(DATA EXTRACTS Opens)

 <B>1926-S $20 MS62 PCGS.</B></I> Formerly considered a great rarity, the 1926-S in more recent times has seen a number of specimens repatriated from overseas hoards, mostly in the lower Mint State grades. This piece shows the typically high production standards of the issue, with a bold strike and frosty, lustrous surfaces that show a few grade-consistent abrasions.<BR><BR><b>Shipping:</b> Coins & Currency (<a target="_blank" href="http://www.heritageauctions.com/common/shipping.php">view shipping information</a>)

(DATA EXTRACTS Closes)
(DATA EXTRACTS Opens)

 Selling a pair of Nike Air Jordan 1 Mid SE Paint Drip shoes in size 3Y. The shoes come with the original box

(DATA EXTRACTS Closes)
(DATA EXTRACTS Opens)

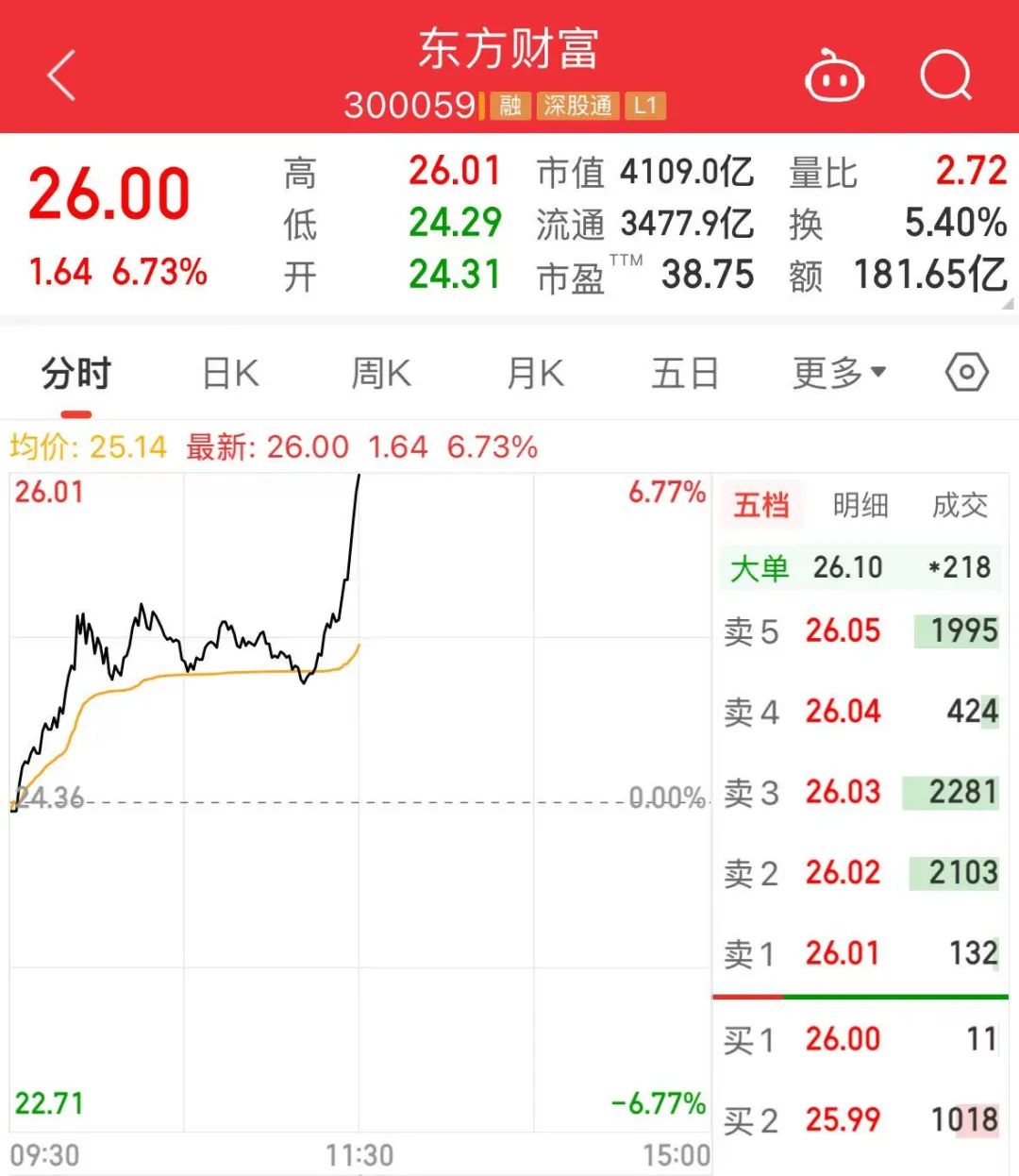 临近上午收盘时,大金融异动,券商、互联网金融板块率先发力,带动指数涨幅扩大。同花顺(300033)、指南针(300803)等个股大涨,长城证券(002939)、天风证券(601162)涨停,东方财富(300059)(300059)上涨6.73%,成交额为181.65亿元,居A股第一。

(DATA EXTRACTS Closes)

ASSIGNMENT: Return each line of the data that contains the string "with".

ANSWER AREA:
 <B>1926-S $20 MS62 PCGS.</B></I> Formerly considered a great rarity, the 1926-S in more recent times has seen a number of specimens repatriated from overseas hoards, mostly in the lower Mint State grades. This piece shows the typically high production standards of the issue, with a bold strike and frosty, lustrous surfaces that show a few grade-consistent abrasions.<BR><BR><b>Shipping:</b> Coins & Currency (<a target="_blank" href="http://www.heritageauctions.com/common/shipping.php">view shipping information</a>)
 Selling a pair of Nike Air Jordan 1 Mid SE Paint Drip shoes in size 3Y. The shoes come with the original box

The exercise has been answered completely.